Generating submission summary report: generate_summary.py
TODO: see if this is still useful to wranglers
This tool generates two summary metadata reports for a submission/project. The first report counts the number specific entities in the submission/project. Currently, the entities counted is hard-coded and not complete. The second report contains a summary of other useful metadata pieces that can be used to populate projects pages.
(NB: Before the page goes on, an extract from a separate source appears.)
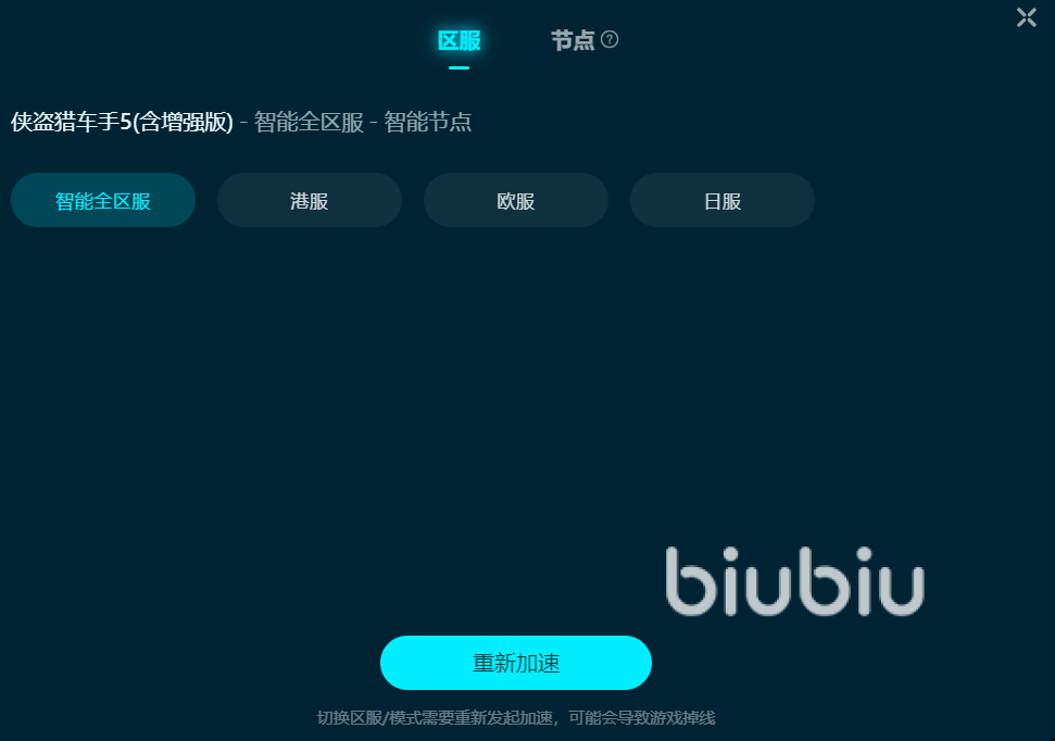 值得一提的是,biubiu对《GTA5》的支持堪称全方位:智能覆盖全区服、港服、欧服、日服等各大区服,针对不同服务器特性深度优化加速策略,玩家可随时暂停加速并自由切换区服。加速国际服效果尤为显著,即便跨洋连接也能有效抵御网络波动,连接又稳又快。

It is also not complete.
Pre-requisites and installation
- python3
- git
- requirements of the repo
To install the tool, clone the ingest-broker repository.
Usage
Move to the ingest broker directory.
cd ingest-broker
Install the requirements of the package or run in docker (instructions for how to do this in the main README)
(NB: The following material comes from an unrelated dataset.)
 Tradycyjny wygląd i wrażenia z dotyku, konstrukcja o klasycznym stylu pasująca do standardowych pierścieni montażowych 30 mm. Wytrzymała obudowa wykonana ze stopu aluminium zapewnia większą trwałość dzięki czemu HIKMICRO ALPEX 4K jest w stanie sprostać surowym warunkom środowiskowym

pip install -r requirements.txt
Check out the usage of generate_summary.py
by using --help
:
mfreeberg$ python generate_summary.py --help
usage: generate_summary.py [-h] H T U O
Process some integers.
positional arguments:
H the url of the ingest API (e.g
http://api.ingest.dev.data.humancellatlas.org)
T the type of summary (project or submission)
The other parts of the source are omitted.